__WORK INSTRUCTION__
This exercise calls for the line with "In the north", the line with "如今,德捷力研發(fā)的液", and all lines between them in the material below, output exactly and with no other lines.

__DATA SECTION__
---

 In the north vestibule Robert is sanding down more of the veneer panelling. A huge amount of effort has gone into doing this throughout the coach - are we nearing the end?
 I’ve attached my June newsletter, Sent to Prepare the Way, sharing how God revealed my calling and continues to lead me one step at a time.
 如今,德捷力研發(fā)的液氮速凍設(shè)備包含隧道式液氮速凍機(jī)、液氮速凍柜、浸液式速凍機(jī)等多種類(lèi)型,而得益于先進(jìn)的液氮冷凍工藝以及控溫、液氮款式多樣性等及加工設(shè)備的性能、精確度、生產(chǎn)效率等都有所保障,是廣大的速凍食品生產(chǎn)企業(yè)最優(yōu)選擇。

---

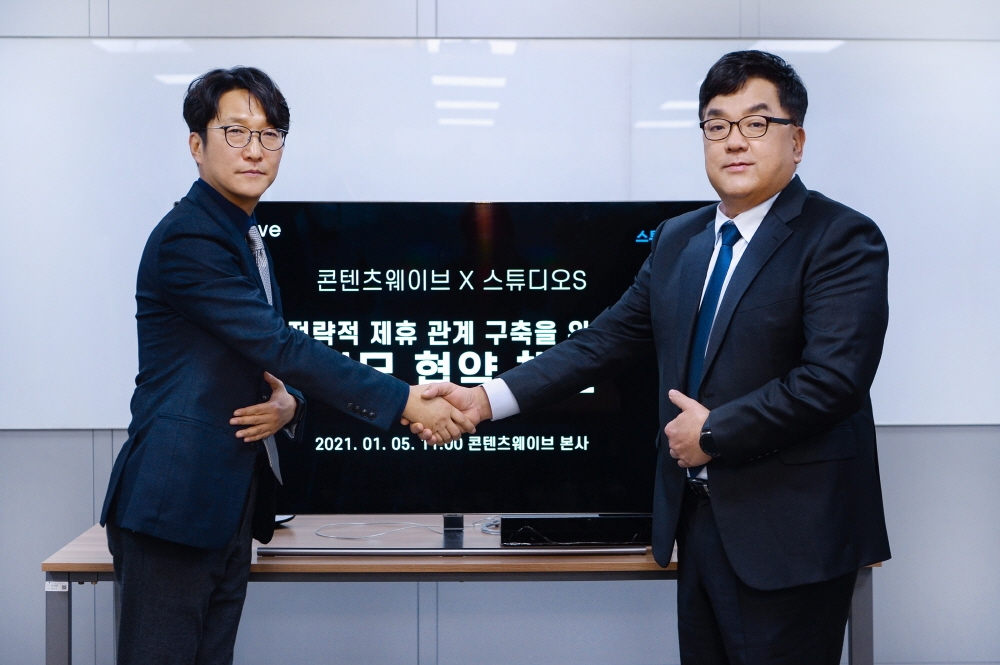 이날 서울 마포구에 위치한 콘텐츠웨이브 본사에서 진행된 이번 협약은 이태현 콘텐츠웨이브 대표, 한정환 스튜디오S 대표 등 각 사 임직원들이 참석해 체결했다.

---

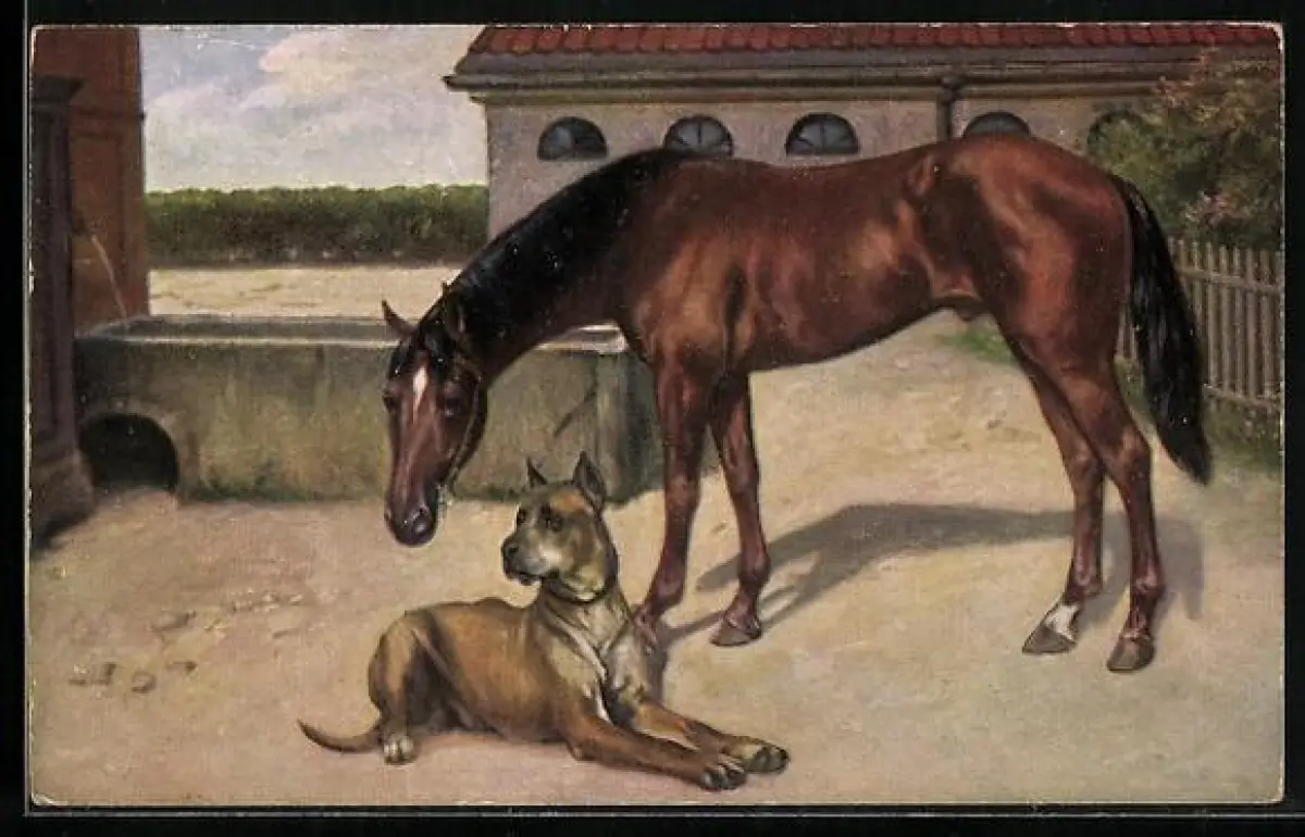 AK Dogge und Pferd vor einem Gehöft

---

__ANSWER AREA__
 In the north vestibule Robert is sanding down more of the veneer panelling. A huge amount of effort has gone into doing this throughout the coach - are we nearing the end?
 I’ve attached my June newsletter, Sent to Prepare the Way, sharing how God revealed my calling and continues to lead me one step at a time.
 如今,德捷力研發(fā)的液氮速凍設(shè)備包含隧道式液氮速凍機(jī)、液氮速凍柜、浸液式速凍機(jī)等多種類(lèi)型,而得益于先進(jìn)的液氮冷凍工藝以及控溫、液氮款式多樣性等及加工設(shè)備的性能、精確度、生產(chǎn)效率等都有所保障,是廣大的速凍食品生產(chǎn)企業(yè)最優(yōu)選擇。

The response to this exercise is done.